Una cabra vagaba despreocupadamente por un denso bosque. No temía a ninguna bestia ni a ningún peligro. Un cuervo posado en un árbol se sorprendió al verla. Bajó y le preguntó a la cabra:
“¡Hermana! ¿No temes a los animales sedientos de sangre del bosque?”
La cabra sonrió y dijo:
“Hace tiempo, una leona murió y dejó a sus dos cachorros solos. Me dio mucha pena, los amamanté con mi propia leche. Hoy son dos leones jóvenes, y he proclamado por todo el bosque: ‘¡Nadie mirará mal a nuestra cabra madre!'”
El cuervo se conmovió mucho al oír esto. Pensó para sí mismo:
“Ojalá yo también tuviera la oportunidad de hacer el bien a alguien”.
Al cabo de un rato, vio una rata ahogándose en el río. El cuervo aterrizó de inmediato, sacó al ratón del agua y lo sentó sobre una roca, abanicándolo con sus alas para secarlo.

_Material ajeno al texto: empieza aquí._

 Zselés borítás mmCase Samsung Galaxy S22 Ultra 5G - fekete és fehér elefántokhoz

Pero en cuanto el ratón reaccionó, ¡empezó a cortarle las alas al cuervo!
El cuervo se mantuvo absorto en su bondad, mientras que el ratón continuó mostrando su verdadera naturaleza.
Al cabo de unos instantes, el ratón se escondió en su madriguera, pero cuando el cuervo alzó el vuelo, cayó al suelo…

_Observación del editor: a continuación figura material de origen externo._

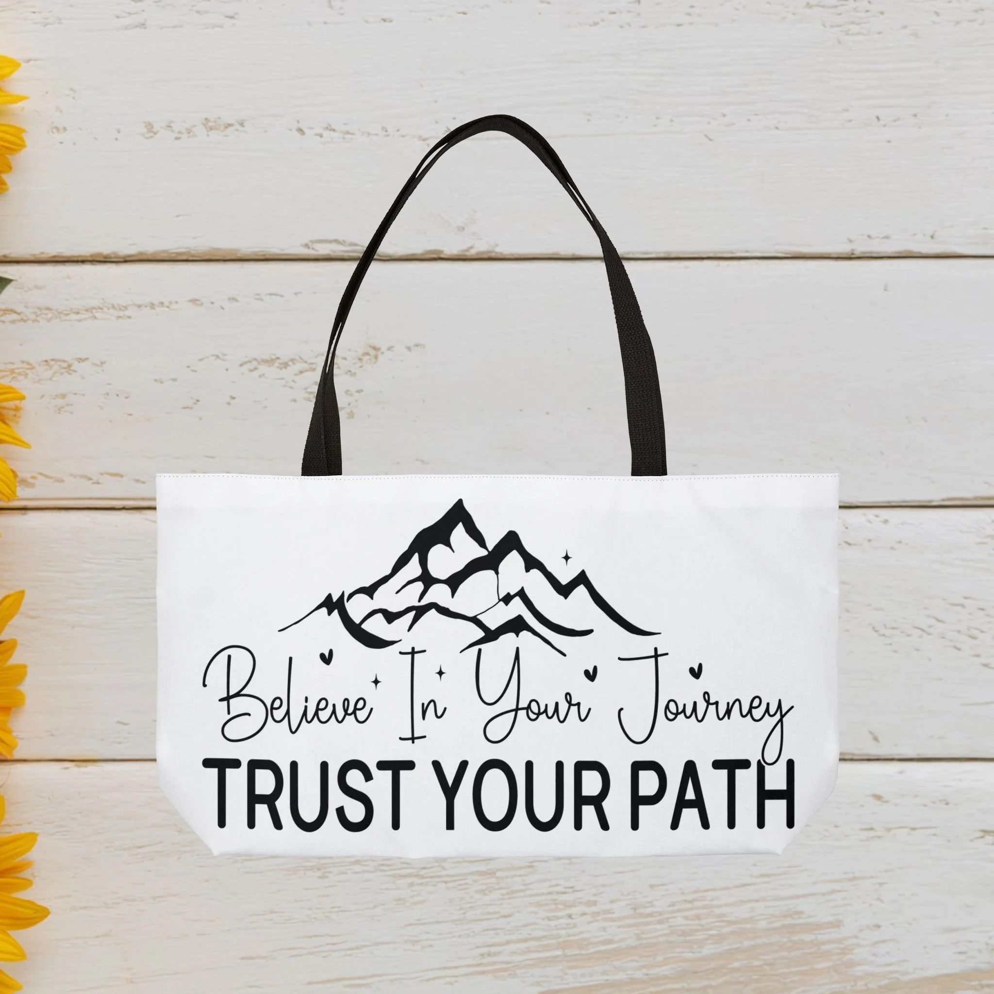 This personalized weekender bag comes in one size – 24" x 13" (60.9 cm x 33 cm) – perfect for those who love to travel light. Its t-bottom construction and black handles give it a sleek, classic look. Start designing, and we'll print your art on the 100% spun polyester in vibrant colors.

Le habían cortado las alas.
Mientras tanto, llegó la cabra y exclamó sorprendida:
—¡Oye, hermano cuervo! ¿Qué me has hecho?
El cuervo respondió enfadado:
—¡Todo esto es por tus palabras! Inspirado por ti, salvé la vida de un ratón, ¡pero me corté las alas!
La cabra sonrió y dijo:
—¡Qué ignorante! Si hubiera querido hacer el bien, se lo habría hecho a un cachorro de león.
Al fin y al cabo, una rata sigue siendo una rata.
La bondad a menudo se desperdicia con gente malvada.
¡Qué bien dijo Mian Muhammad Bakhsh (que Allah tenga misericordia de él):
«Haz el bien en la medida de tus posibilidades, y las generaciones no se arruinarán.
Haz el bien en la medida de tus posibilidades, y las generaciones no se arruinarán»! ❤️
La verdad es que…
Los cuervos jóvenes no se convierten en cisnes por comer perlas,
y por mucha agua dulce que viertas en un pozo salado, seguirá siendo salado.
✨ Lección:
Haz el bien… pero no a todo aquel que no conoce su valor.
Porque no toda persona humilde es digna de bondad.